*Provided data*
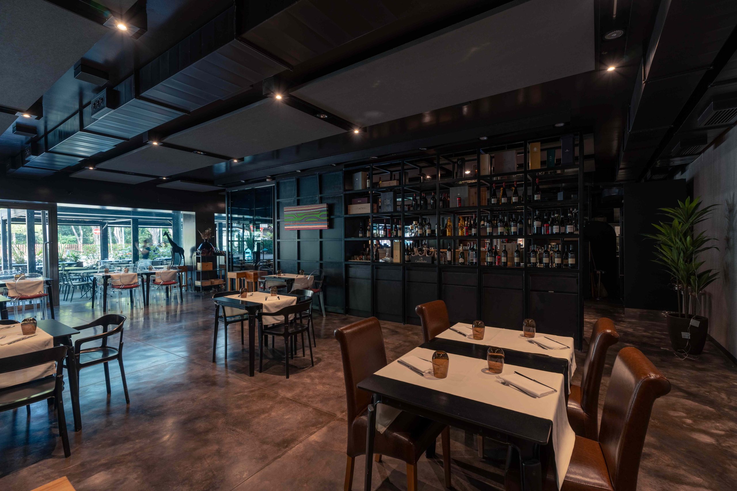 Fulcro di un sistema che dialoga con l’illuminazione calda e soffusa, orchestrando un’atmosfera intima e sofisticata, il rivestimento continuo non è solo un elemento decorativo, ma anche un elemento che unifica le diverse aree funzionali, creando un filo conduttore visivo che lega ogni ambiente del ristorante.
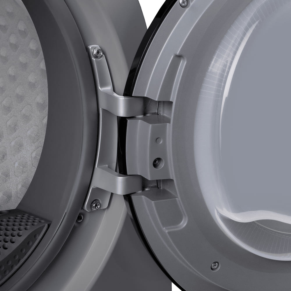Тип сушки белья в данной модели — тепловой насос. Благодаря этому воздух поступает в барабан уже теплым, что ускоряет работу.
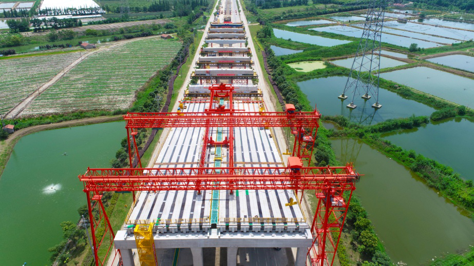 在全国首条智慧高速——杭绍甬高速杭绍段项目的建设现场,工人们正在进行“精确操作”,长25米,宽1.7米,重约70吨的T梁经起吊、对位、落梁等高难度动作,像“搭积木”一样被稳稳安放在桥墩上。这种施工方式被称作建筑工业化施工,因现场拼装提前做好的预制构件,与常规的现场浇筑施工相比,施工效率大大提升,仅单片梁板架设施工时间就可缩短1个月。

--

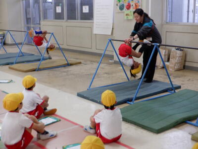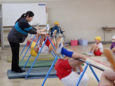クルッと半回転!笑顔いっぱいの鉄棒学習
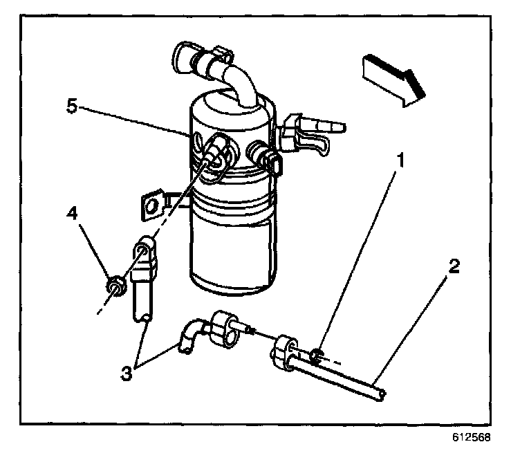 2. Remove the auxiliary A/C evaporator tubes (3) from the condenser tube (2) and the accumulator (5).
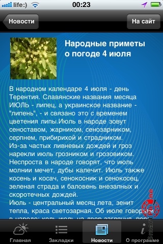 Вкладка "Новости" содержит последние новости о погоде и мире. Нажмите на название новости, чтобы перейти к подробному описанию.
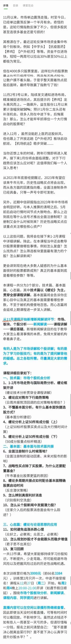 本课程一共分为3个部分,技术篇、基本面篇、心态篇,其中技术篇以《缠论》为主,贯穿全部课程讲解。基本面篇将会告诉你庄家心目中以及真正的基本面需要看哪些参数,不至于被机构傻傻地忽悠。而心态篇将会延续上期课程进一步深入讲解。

*Task statement*
All lines above from the one containing "Fulcro di un" up to and including the one containing "在全国首条智慧高速——杭绍甬" are to be set down exactly, and nothing else. Leave images out.

*Solution to the problem*
 Fulcro di un sistema che dialoga con l’illuminazione calda e soffusa, orchestrando un’atmosfera intima e sofisticata, il rivestimento continuo non è solo un elemento decorativo, ma anche un elemento che unifica le diverse aree funzionali, creando un filo conduttore visivo che lega ogni ambiente del ristorante.
Тип сушки белья в данной модели — тепловой насос. Благодаря этому воздух поступает в барабан уже теплым, что ускоряет работу.
 在全国首条智慧高速——杭绍甬高速杭绍段项目的建设现场,工人们正在进行“精确操作”,长25米,宽1.7米,重约70吨的T梁经起吊、对位、落梁等高难度动作,像“搭积木”一样被稳稳安放在桥墩上。这种施工方式被称作建筑工业化施工,因现场拼装提前做好的预制构件,与常规的现场浇筑施工相比,施工效率大大提升,仅单片梁板架设施工时间就可缩短1个月。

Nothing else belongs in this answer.